Chris Murphy posted on Thu, 31 Dec 2015 18:22:09 -0700 as excerpted:

> On Thu, Dec 31, 2015 at 4:36 PM, Alexander Duscheleit
> <alexander.duscheleit@gmail.com> wrote:
>> Hello,
>>
>> I had a power fail today at my home server and after the reboot the
>> btrfs RAID1 won't come back up.
>>
>> When trying to mount one of the 2 disks of the array I get the
>> following error:
>> [ 4126.316396] BTRFS info (device sdb2): disk space caching is enabled
>> [ 4126.316402] BTRFS: has skinny extents [ 4126.337324] BTRFS: failed
>> to read chunk tree on sdb2 [ 4126.353027] BTRFS: open_ctree failed
> 
> 
> Why are you trying to mount only one? What mount options did you use
> when you did this?

Yes, please.

>> btrfs restore -viD seems to find most of the files accessible but since
>> I don't have a spare hdd of sufficient size I would have to break the
>> array and reformat and use one of the disk as restore target. I'm not
>> prepared to do this before I know there is no other way to fix the
>> drives since I'm essentially destroying one more chance at saving the
>> data.

> Anyway, in the meantime, my advice is do not mount either device rw
> (together or separately). The less changes you make right now the
> better.
> 
> What kernel and btrfs-progs version are you using?

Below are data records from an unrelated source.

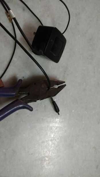 3. (opcional) cortar un cargador y tira sus 2 cables y conectarlos a los dos clavos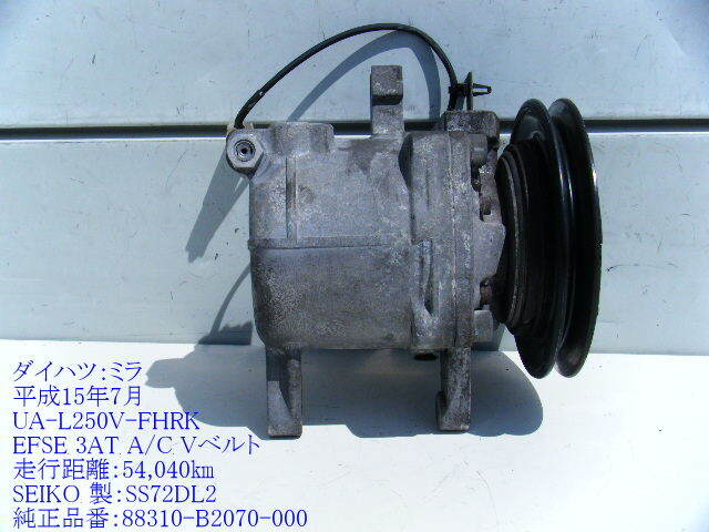 - ◆UA-L250V L250S ダイハツ ミラ コンプレッサー SEIKO製 Vベルト SS72DL2 88310-B2070-000 [13816]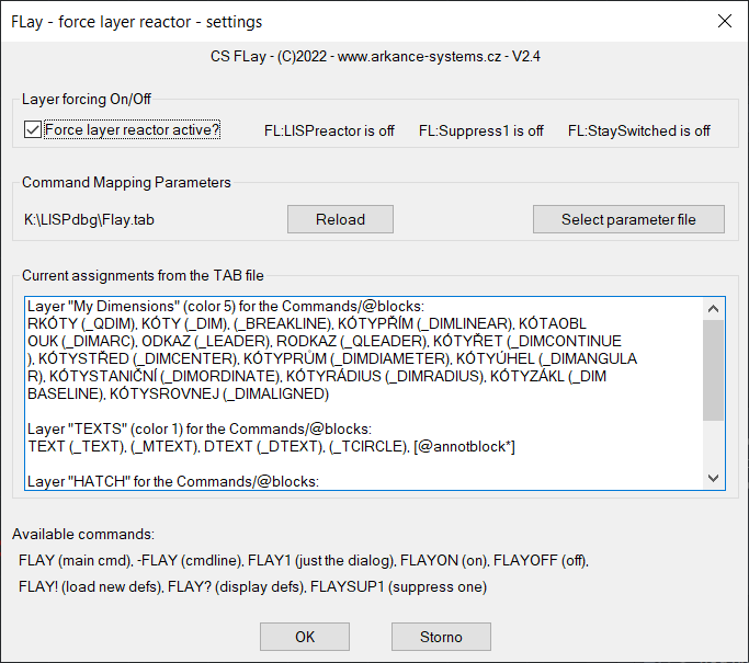 Flay is a force-layer reactor for Autodesk® AutoCAD®, which automatically places predefined objects (drawing commands or specified blocks) to predefined layers.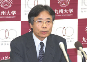 「本日、次期総長候補者に選出され、身が引き締まる思いだ。自分の持つ全ての力で、母校九州大学の発展のために尽くしたい。九州大学の総長は、責任の重い立場。他大学との競争の一方で九州全体のまとめ役も期待される。第一の課題は部局の活性化。部局のビジョンに基づく創意工夫のお手伝いだ。法人の長としてのリーダーシップを発揮しつつ、教員の自由な発想を生かしてボトムアップを図る。皆が元気になる九州大学づくりを目指したい。」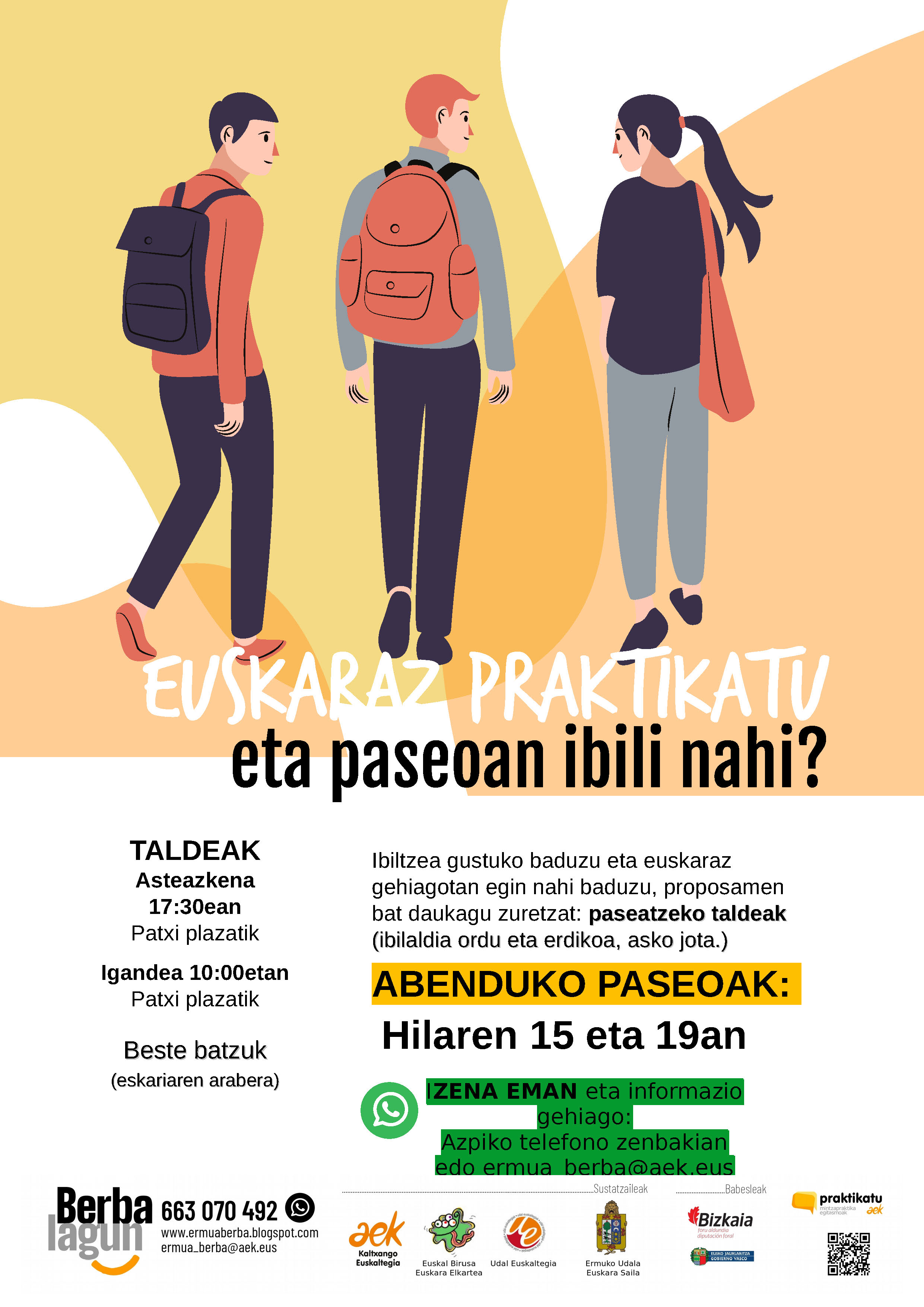 ‘Berbalagun' ekimenak bi jarduera antolatu ditu aste honetarako. Lehenengoa ‘Paseolagun’ da, asteazkeneko 17:30etan eta igande goizeko 10etan egingo direnak, hurrenez hurrez. Bigarrena. pintxolagun, ostegun aratsaldeako. Eman izena!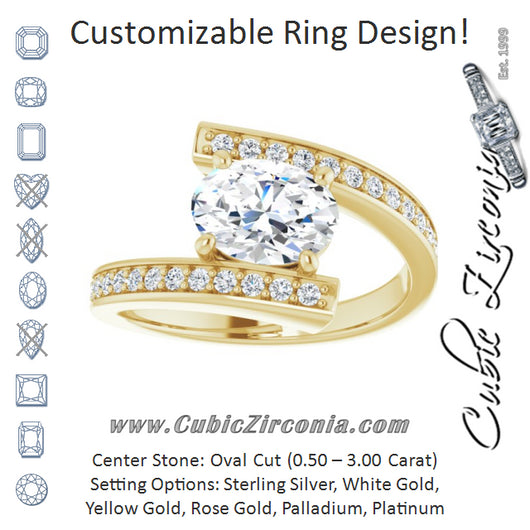 Cubic Zirconia Engagement Ring- The Nayeli (Customizable Faux-Bar-set Oval Cut Design with Accented Bypass Band)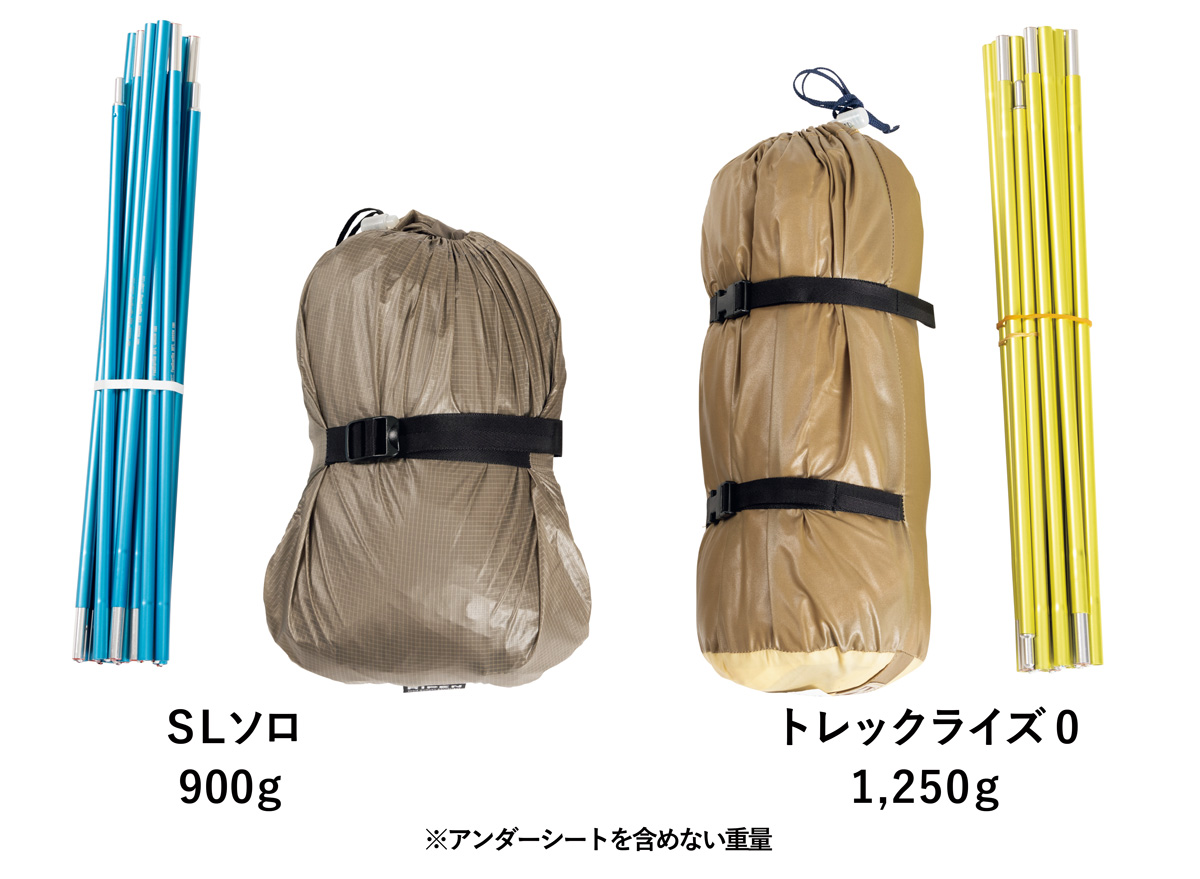 アライテントにおいて居住性の高い軽量3シーズンダブルウォールテントといえばトレックライズであった。“究極の1人用”とされるトレックライズ0と比較しても重量差は350g。圧倒的に軽くなったといえる。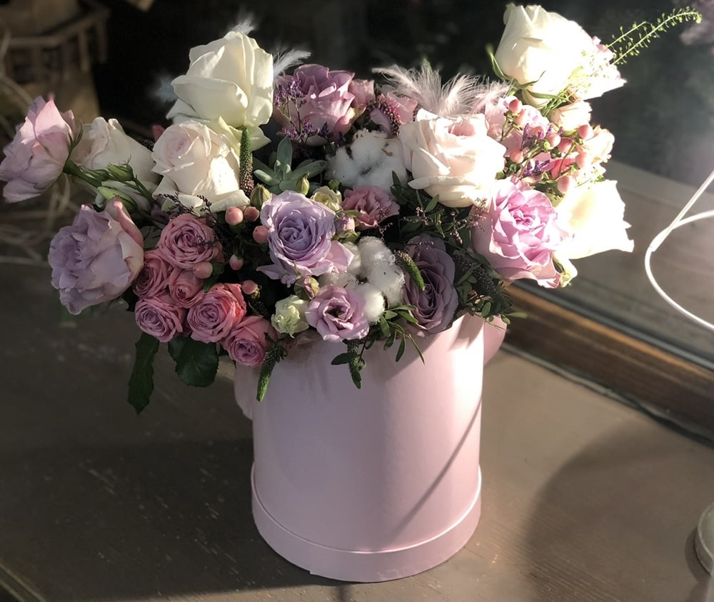 Шляпная коробка с цветами «Алонсо» из роз и эустом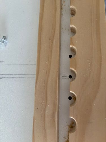 When all edges were done, I routered the pin shelf holes using my diy pin shelf jig.

Unless you've already tried it (hard to say without the mount options you 
used above), I'd first try a different tact than C Murphy suggests, 
falling back to what he suggests if it doesn't work.  I suppose he 
assumes you've already tried this...

But first things first, as C Murphy suggests, when you post problems like 
this, *PLEASE* post kernel and progs userspace versions.  Given the rate 
at which btrfs is still changing, that's pretty critical information.  
Also, if you're not running the latest or second latest kernel or LTS 
kernel series and a similar or newer userspace, be prepared to be asked 
to try a newer version.  With the almost released 4.4 set to be an LTS, 
that means it if you want to try it, or the LTS kernel series 4.1 and 
3.18, or the current or previous current kernel series 4.3 or 4.2 (tho 
with 4.2 not being an LTS updates are ended or close to it, so people on 
it should be either upgrading to 4.3 or downgrading to 4.1 LTS anyway).  
And for userspace, a good rule of thumb is whatever the kernel series, a 
corresponding or newer userspace as well.

With that covered...

This is a good place to bring in something else CM recommended, but in a 
slightly different context.  If you've read many of my previous posts 
you're likely to know what I'm about to say.  The admin's first rule of 
backups says, in simplest form[1], that if you don't have a backup, by 
your actions you're defining the data that would be backed up as not 
worth the hassle and resources to do that backup.  If in that case you 
lose the data, be happy, as you still saved what you defined by your 
actions as of /true/ value regardless of any claims to the contrary, the 
hassle and resourced you would have spent making that backup.  =:^)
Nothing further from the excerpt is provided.